• _PROBLEM REQUIREMENTS_
The material below contains a line with "RiteAV 1 Port" and a line with "твърде много място.". Copy exactly those two lines and all lines between them.

• _THE INPUT_
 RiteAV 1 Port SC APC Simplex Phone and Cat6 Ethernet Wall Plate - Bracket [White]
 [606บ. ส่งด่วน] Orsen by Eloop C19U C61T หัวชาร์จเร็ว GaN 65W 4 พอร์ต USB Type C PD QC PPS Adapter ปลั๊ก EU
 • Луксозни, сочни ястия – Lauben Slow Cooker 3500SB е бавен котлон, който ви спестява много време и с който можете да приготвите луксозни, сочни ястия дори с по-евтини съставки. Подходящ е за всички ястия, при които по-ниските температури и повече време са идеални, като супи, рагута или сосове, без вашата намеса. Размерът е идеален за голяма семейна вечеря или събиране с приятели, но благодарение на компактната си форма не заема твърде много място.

--

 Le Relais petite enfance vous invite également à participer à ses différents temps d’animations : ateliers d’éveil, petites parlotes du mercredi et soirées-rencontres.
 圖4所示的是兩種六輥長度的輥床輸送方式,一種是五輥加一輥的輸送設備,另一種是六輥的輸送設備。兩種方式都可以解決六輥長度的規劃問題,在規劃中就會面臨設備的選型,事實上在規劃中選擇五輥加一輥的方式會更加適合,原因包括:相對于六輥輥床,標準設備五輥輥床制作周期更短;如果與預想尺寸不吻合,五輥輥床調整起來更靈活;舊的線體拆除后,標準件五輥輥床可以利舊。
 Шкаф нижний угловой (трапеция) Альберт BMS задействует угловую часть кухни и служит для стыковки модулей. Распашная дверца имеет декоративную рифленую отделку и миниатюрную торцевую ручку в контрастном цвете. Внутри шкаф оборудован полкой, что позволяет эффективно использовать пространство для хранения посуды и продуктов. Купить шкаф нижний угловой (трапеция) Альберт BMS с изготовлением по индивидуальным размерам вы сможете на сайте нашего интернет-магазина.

* * *

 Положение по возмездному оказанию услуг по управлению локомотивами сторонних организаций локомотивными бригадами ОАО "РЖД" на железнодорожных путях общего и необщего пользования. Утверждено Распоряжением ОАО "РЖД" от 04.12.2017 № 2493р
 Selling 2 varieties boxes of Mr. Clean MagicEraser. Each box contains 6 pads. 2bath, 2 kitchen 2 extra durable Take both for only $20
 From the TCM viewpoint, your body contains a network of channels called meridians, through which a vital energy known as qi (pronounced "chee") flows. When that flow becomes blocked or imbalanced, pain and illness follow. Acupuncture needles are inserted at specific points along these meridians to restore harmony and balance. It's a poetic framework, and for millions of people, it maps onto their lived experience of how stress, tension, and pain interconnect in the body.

• _RESPONSE TO THE EXERCISE_
 RiteAV 1 Port SC APC Simplex Phone and Cat6 Ethernet Wall Plate - Bracket [White]
 [606บ. ส่งด่วน] Orsen by Eloop C19U C61T หัวชาร์จเร็ว GaN 65W 4 พอร์ต USB Type C PD QC PPS Adapter ปลั๊ก EU
 • Луксозни, сочни ястия – Lauben Slow Cooker 3500SB е бавен котлон, който ви спестява много време и с който можете да приготвите луксозни, сочни ястия дори с по-евтини съставки. Подходящ е за всички ястия, при които по-ниските температури и повече време са идеални, като супи, рагута или сосове, без вашата намеса. Размерът е идеален за голяма семейна вечеря или събиране с приятели, но благодарение на компактната си форма не заема твърде много място.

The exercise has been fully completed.